» **WORK REQUIRED**: Every line of the data below is to be given again as it appears, with the images removed.

INFORMATION PROVIDED below:

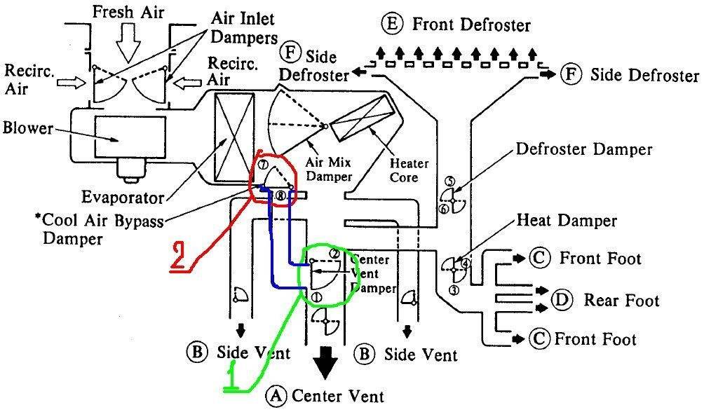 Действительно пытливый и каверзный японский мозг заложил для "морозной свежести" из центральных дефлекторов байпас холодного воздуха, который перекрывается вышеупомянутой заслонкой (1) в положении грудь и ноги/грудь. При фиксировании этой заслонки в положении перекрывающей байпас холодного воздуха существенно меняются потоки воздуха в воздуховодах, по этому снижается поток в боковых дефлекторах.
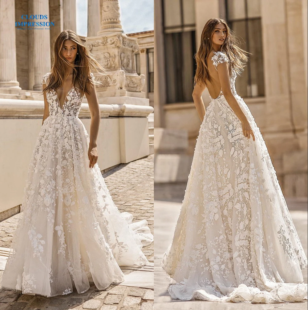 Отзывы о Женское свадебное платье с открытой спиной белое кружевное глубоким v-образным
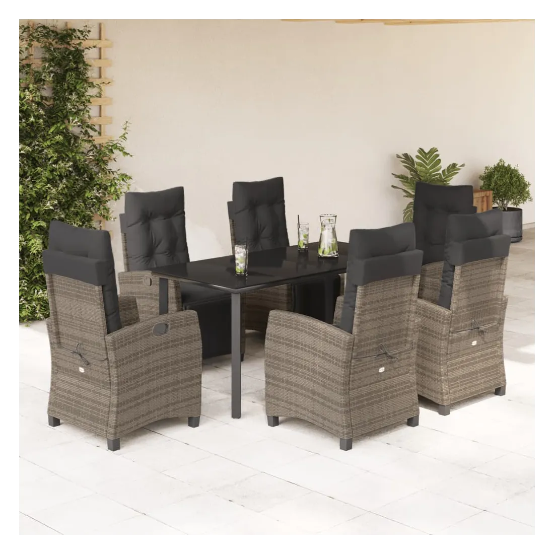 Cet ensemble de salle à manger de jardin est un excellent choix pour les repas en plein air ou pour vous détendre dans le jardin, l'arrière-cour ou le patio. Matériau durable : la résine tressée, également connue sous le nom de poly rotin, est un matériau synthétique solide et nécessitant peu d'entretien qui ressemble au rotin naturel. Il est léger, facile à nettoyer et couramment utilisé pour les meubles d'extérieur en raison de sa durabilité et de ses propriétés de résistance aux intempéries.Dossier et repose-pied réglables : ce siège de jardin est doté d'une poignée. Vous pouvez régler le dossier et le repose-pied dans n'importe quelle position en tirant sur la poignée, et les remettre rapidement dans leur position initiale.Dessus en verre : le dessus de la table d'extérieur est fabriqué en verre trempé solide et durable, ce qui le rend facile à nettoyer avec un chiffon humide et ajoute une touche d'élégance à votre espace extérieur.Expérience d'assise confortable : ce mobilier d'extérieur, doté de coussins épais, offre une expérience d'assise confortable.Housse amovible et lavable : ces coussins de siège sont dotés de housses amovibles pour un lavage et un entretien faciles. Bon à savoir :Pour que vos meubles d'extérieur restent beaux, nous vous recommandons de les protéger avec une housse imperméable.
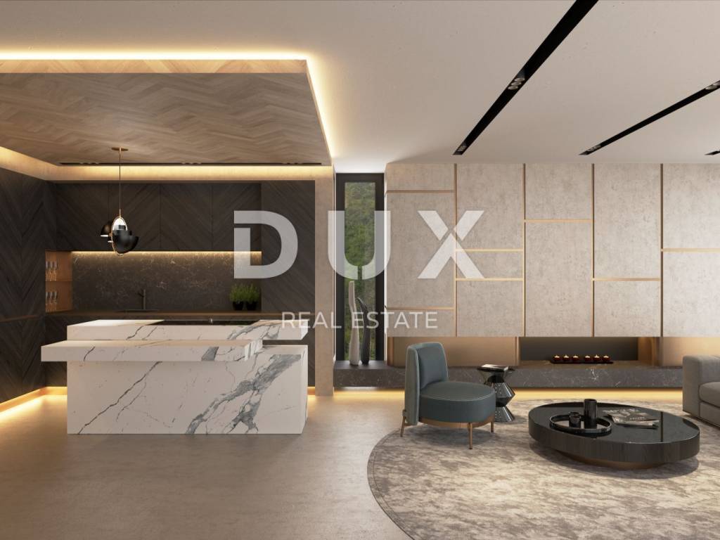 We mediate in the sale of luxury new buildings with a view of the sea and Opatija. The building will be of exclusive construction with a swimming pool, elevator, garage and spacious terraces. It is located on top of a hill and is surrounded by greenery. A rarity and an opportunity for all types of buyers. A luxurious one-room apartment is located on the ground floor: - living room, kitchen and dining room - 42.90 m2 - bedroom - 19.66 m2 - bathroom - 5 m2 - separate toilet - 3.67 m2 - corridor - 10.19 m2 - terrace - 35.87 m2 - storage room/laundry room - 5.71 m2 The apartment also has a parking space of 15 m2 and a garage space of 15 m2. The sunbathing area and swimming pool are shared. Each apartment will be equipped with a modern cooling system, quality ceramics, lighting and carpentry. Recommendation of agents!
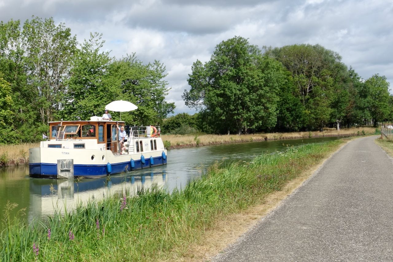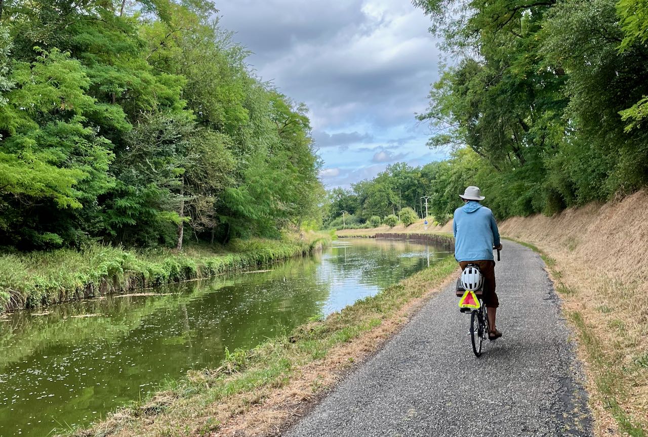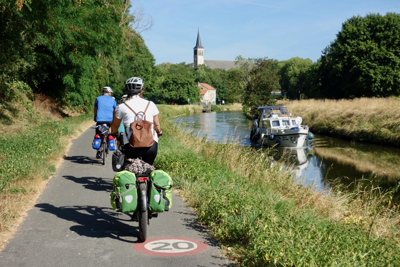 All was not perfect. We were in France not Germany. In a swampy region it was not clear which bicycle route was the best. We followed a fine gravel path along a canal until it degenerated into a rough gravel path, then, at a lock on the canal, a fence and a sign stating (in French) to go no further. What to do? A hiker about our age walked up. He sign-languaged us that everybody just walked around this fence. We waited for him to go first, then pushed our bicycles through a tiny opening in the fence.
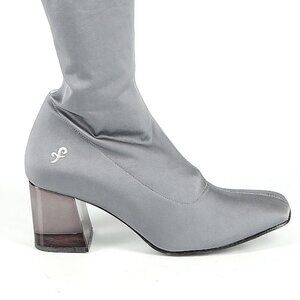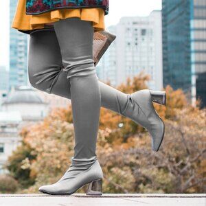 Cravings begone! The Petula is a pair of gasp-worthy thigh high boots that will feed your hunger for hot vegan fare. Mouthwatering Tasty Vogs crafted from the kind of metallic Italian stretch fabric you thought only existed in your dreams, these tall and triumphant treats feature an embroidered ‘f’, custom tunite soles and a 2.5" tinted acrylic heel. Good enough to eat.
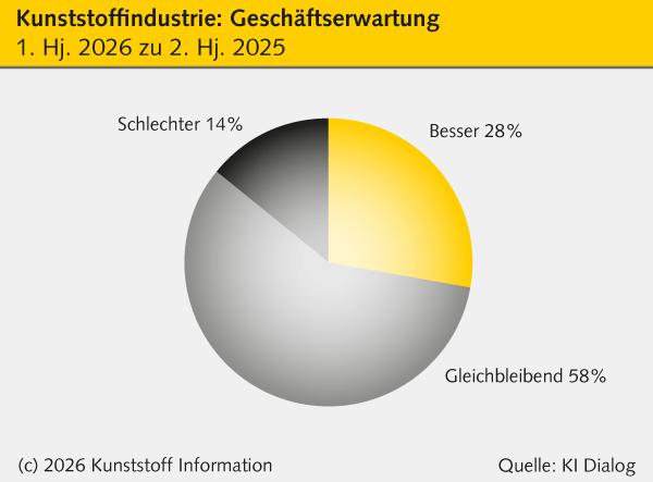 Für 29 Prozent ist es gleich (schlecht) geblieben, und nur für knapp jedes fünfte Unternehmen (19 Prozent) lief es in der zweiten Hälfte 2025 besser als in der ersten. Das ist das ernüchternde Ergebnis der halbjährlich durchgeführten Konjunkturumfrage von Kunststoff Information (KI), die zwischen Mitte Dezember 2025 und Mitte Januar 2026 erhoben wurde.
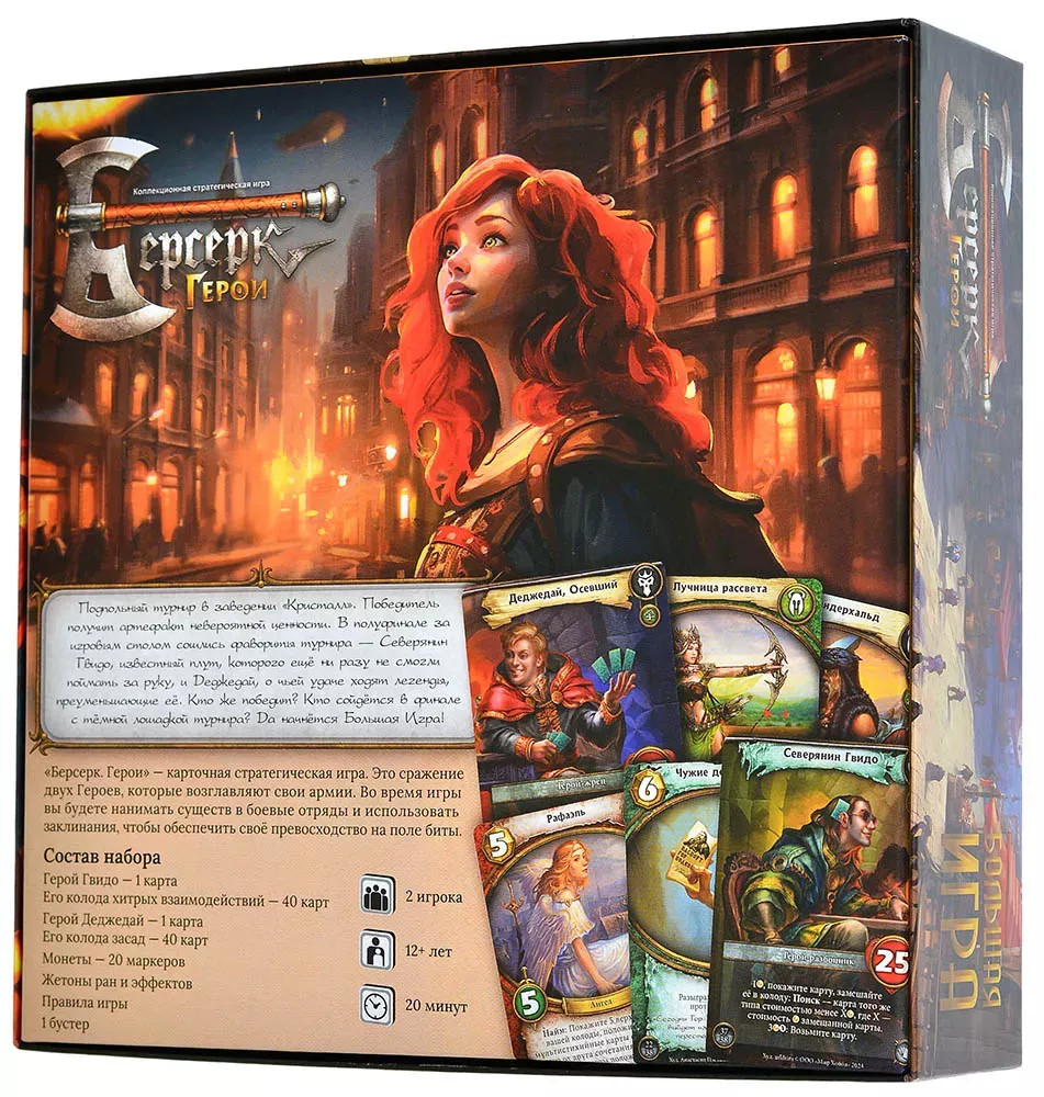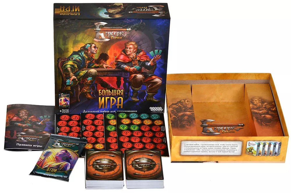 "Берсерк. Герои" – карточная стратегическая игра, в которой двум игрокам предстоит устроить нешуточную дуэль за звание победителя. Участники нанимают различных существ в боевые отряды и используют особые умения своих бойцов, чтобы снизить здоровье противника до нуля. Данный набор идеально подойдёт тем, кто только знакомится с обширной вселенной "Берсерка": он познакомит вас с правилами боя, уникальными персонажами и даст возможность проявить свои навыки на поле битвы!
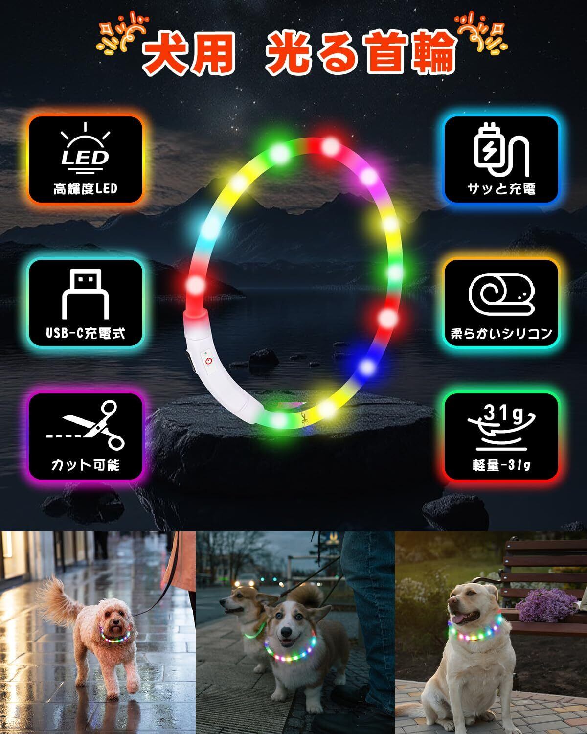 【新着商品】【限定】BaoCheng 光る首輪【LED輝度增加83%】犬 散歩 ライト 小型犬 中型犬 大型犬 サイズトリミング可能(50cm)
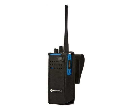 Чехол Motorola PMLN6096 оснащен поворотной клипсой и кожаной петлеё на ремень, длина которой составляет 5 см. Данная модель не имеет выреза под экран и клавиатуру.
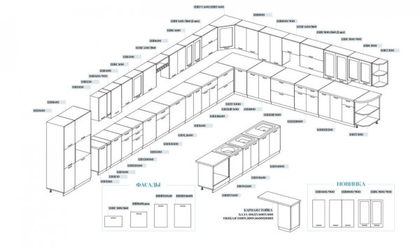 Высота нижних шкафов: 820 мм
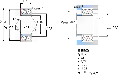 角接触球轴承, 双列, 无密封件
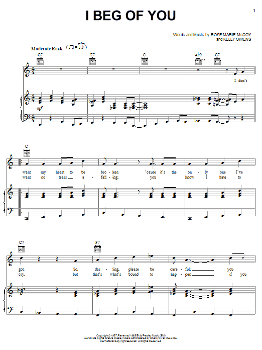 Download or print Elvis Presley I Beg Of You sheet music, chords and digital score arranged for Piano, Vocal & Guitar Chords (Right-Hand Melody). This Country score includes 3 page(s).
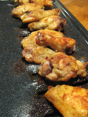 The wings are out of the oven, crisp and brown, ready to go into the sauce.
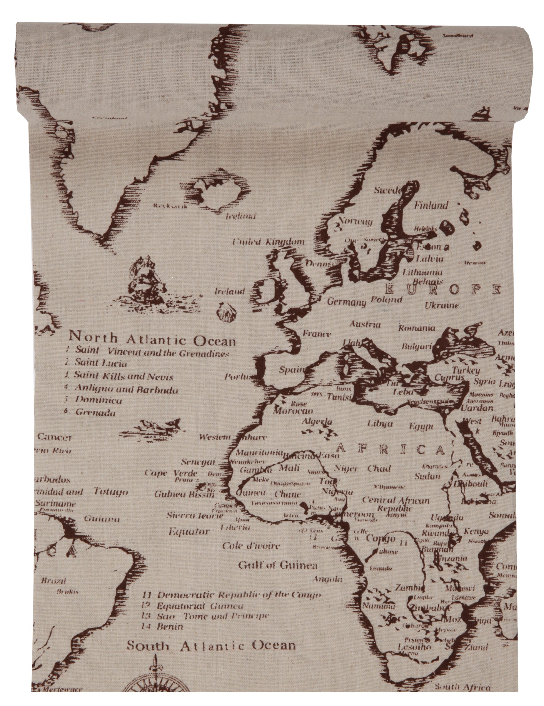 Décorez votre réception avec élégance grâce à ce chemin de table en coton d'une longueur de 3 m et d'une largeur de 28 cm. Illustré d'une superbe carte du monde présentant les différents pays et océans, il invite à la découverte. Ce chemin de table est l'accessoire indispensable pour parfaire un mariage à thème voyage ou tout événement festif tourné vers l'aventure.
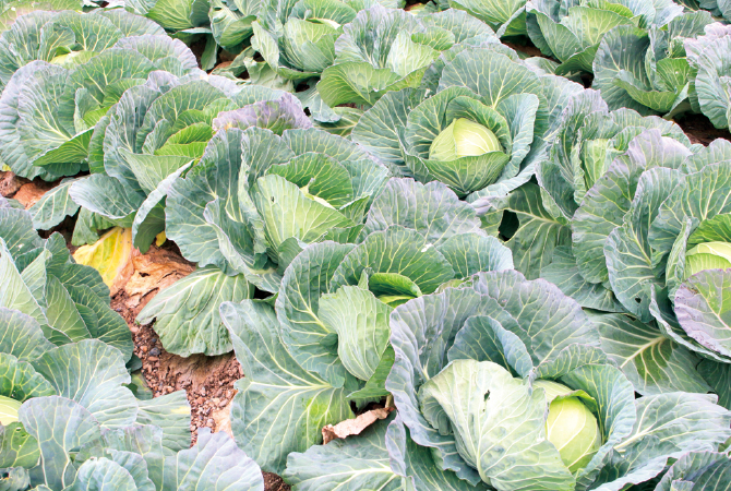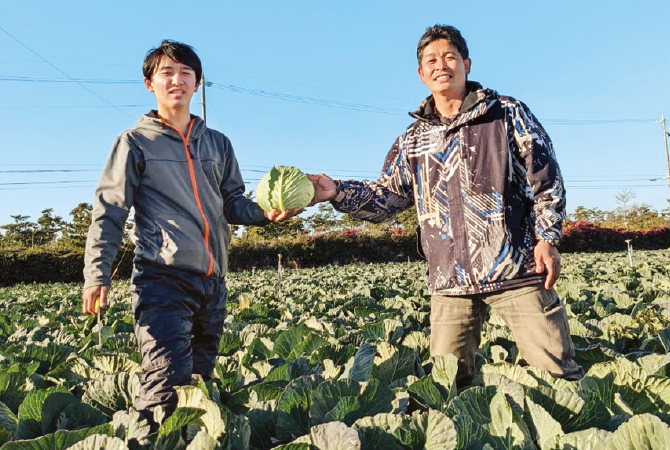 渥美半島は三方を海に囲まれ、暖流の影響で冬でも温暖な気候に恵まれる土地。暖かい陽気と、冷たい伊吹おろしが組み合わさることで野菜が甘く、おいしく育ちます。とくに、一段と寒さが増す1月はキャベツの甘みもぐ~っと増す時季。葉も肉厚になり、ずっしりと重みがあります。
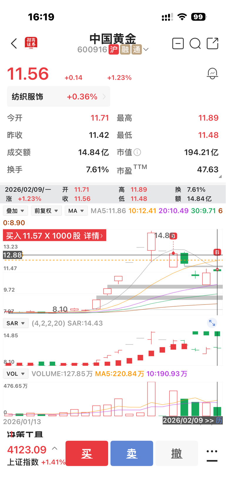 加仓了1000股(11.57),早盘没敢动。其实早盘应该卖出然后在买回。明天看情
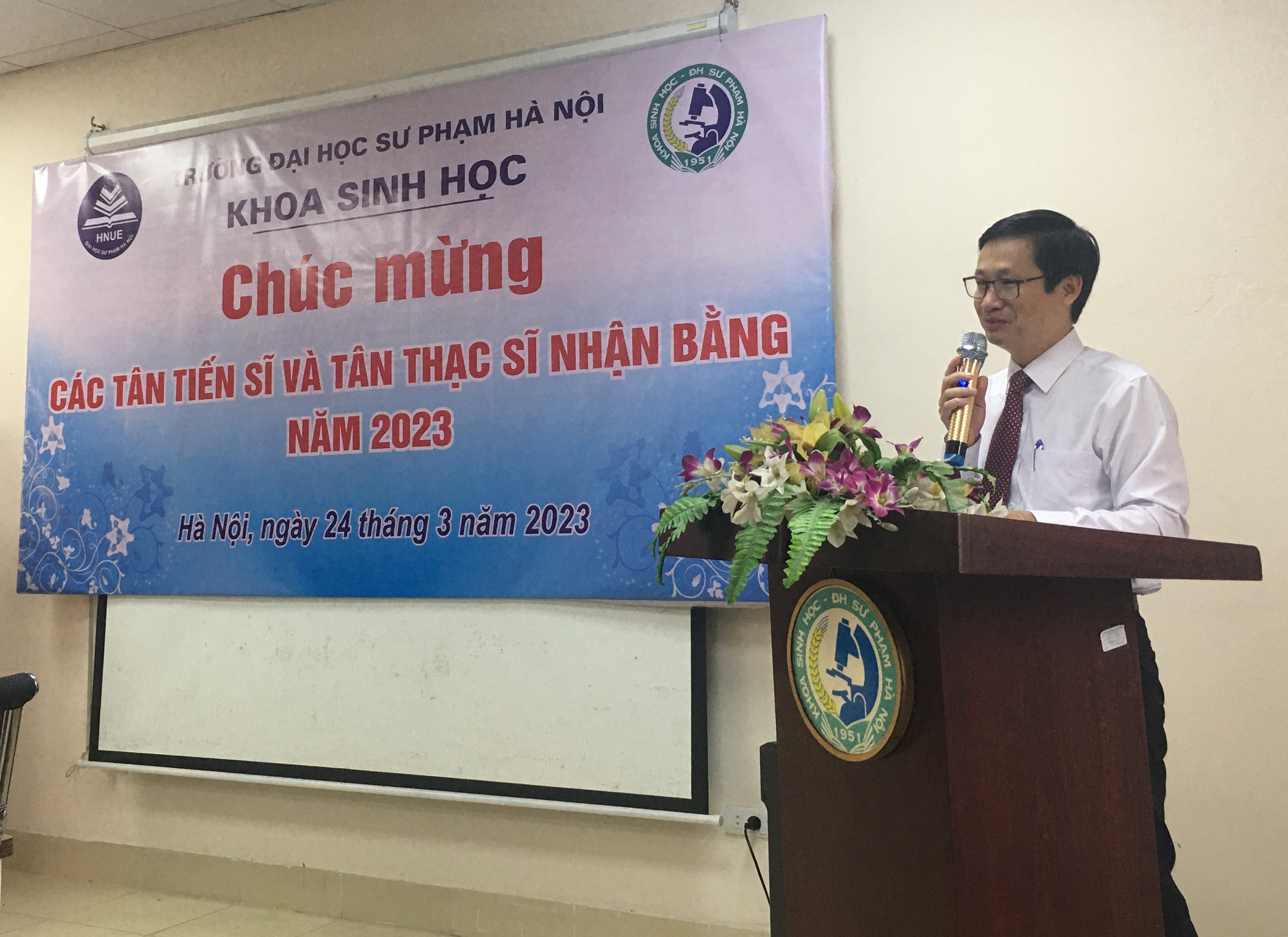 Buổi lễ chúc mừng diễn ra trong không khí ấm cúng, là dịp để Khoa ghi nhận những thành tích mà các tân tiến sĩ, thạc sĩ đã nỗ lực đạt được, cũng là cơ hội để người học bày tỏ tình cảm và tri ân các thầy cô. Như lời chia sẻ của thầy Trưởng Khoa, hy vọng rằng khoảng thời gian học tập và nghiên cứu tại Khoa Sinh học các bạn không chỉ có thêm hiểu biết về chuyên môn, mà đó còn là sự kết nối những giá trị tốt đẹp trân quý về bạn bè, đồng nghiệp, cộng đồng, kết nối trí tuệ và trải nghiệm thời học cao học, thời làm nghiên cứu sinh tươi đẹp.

End of INFORMATION PROVIDED.

» **EXERCISE RESULT**:
 Действительно пытливый и каверзный японский мозг заложил для "морозной свежести" из центральных дефлекторов байпас холодного воздуха, который перекрывается вышеупомянутой заслонкой (1) в положении грудь и ноги/грудь. При фиксировании этой заслонки в положении перекрывающей байпас холодного воздуха существенно меняются потоки воздуха в воздуховодах, по этому снижается поток в боковых дефлекторах.
 Отзывы о Женское свадебное платье с открытой спиной белое кружевное глубоким v-образным
 Cet ensemble de salle à manger de jardin est un excellent choix pour les repas en plein air ou pour vous détendre dans le jardin, l'arrière-cour ou le patio. Matériau durable : la résine tressée, également connue sous le nom de poly rotin, est un matériau synthétique solide et nécessitant peu d'entretien qui ressemble au rotin naturel. Il est léger, facile à nettoyer et couramment utilisé pour les meubles d'extérieur en raison de sa durabilité et de ses propriétés de résistance aux intempéries.Dossier et repose-pied réglables : ce siège de jardin est doté d'une poignée. Vous pouvez régler le dossier et le repose-pied dans n'importe quelle position en tirant sur la poignée, et les remettre rapidement dans leur position initiale.Dessus en verre : le dessus de la table d'extérieur est fabriqué en verre trempé solide et durable, ce qui le rend facile à nettoyer avec un chiffon humide et ajoute une touche d'élégance à votre espace extérieur.Expérience d'assise confortable : ce mobilier d'extérieur, doté de coussins épais, offre une expérience d'assise confortable.Housse amovible et lavable : ces coussins de siège sont dotés de housses amovibles pour un lavage et un entretien faciles. Bon à savoir :Pour que vos meubles d'extérieur restent beaux, nous vous recommandons de les protéger avec une housse imperméable.
 We mediate in the sale of luxury new buildings with a view of the sea and Opatija. The building will be of exclusive construction with a swimming pool, elevator, garage and spacious terraces. It is located on top of a hill and is surrounded by greenery. A rarity and an opportunity for all types of buyers. A luxurious one-room apartment is located on the ground floor: - living room, kitchen and dining room - 42.90 m2 - bedroom - 19.66 m2 - bathroom - 5 m2 - separate toilet - 3.67 m2 - corridor - 10.19 m2 - terrace - 35.87 m2 - storage room/laundry room - 5.71 m2 The apartment also has a parking space of 15 m2 and a garage space of 15 m2. The sunbathing area and swimming pool are shared. Each apartment will be equipped with a modern cooling system, quality ceramics, lighting and carpentry. Recommendation of agents!
 All was not perfect. We were in France not Germany. In a swampy region it was not clear which bicycle route was the best. We followed a fine gravel path along a canal until it degenerated into a rough gravel path, then, at a lock on the canal, a fence and a sign stating (in French) to go no further. What to do? A hiker about our age walked up. He sign-languaged us that everybody just walked around this fence. We waited for him to go first, then pushed our bicycles through a tiny opening in the fence.
 Cravings begone! The Petula is a pair of gasp-worthy thigh high boots that will feed your hunger for hot vegan fare. Mouthwatering Tasty Vogs crafted from the kind of metallic Italian stretch fabric you thought only existed in your dreams, these tall and triumphant treats feature an embroidered ‘f’, custom tunite soles and a 2.5" tinted acrylic heel. Good enough to eat.
 Für 29 Prozent ist es gleich (schlecht) geblieben, und nur für knapp jedes fünfte Unternehmen (19 Prozent) lief es in der zweiten Hälfte 2025 besser als in der ersten. Das ist das ernüchternde Ergebnis der halbjährlich durchgeführten Konjunkturumfrage von Kunststoff Information (KI), die zwischen Mitte Dezember 2025 und Mitte Januar 2026 erhoben wurde.
 "Берсерк. Герои" – карточная стратегическая игра, в которой двум игрокам предстоит устроить нешуточную дуэль за звание победителя. Участники нанимают различных существ в боевые отряды и используют особые умения своих бойцов, чтобы снизить здоровье противника до нуля. Данный набор идеально подойдёт тем, кто только знакомится с обширной вселенной "Берсерка": он познакомит вас с правилами боя, уникальными персонажами и даст возможность проявить свои навыки на поле битвы!
 【新着商品】【限定】BaoCheng 光る首輪【LED輝度增加83%】犬 散歩 ライト 小型犬 中型犬 大型犬 サイズトリミング可能(50cm)
 Чехол Motorola PMLN6096 оснащен поворотной клипсой и кожаной петлеё на ремень, длина которой составляет 5 см. Данная модель не имеет выреза под экран и клавиатуру.
 Высота нижних шкафов: 820 мм
 角接触球轴承, 双列, 无密封件
 Download or print Elvis Presley I Beg Of You sheet music, chords and digital score arranged for Piano, Vocal & Guitar Chords (Right-Hand Melody). This Country score includes 3 page(s).
 The wings are out of the oven, crisp and brown, ready to go into the sauce.
 Décorez votre réception avec élégance grâce à ce chemin de table en coton d'une longueur de 3 m et d'une largeur de 28 cm. Illustré d'une superbe carte du monde présentant les différents pays et océans, il invite à la découverte. Ce chemin de table est l'accessoire indispensable pour parfaire un mariage à thème voyage ou tout événement festif tourné vers l'aventure.
 渥美半島は三方を海に囲まれ、暖流の影響で冬でも温暖な気候に恵まれる土地。暖かい陽気と、冷たい伊吹おろしが組み合わさることで野菜が甘く、おいしく育ちます。とくに、一段と寒さが増す1月はキャベツの甘みもぐ~っと増す時季。葉も肉厚になり、ずっしりと重みがあります。
 加仓了1000股(11.57),早盘没敢动。其实早盘应该卖出然后在买回。明天看情
 Buổi lễ chúc mừng diễn ra trong không khí ấm cúng, là dịp để Khoa ghi nhận những thành tích mà các tân tiến sĩ, thạc sĩ đã nỗ lực đạt được, cũng là cơ hội để người học bày tỏ tình cảm và tri ân các thầy cô. Như lời chia sẻ của thầy Trưởng Khoa, hy vọng rằng khoảng thời gian học tập và nghiên cứu tại Khoa Sinh học các bạn không chỉ có thêm hiểu biết về chuyên môn, mà đó còn là sự kết nối những giá trị tốt đẹp trân quý về bạn bè, đồng nghiệp, cộng đồng, kết nối trí tuệ và trải nghiệm thời học cao học, thời làm nghiên cứu sinh tươi đẹp.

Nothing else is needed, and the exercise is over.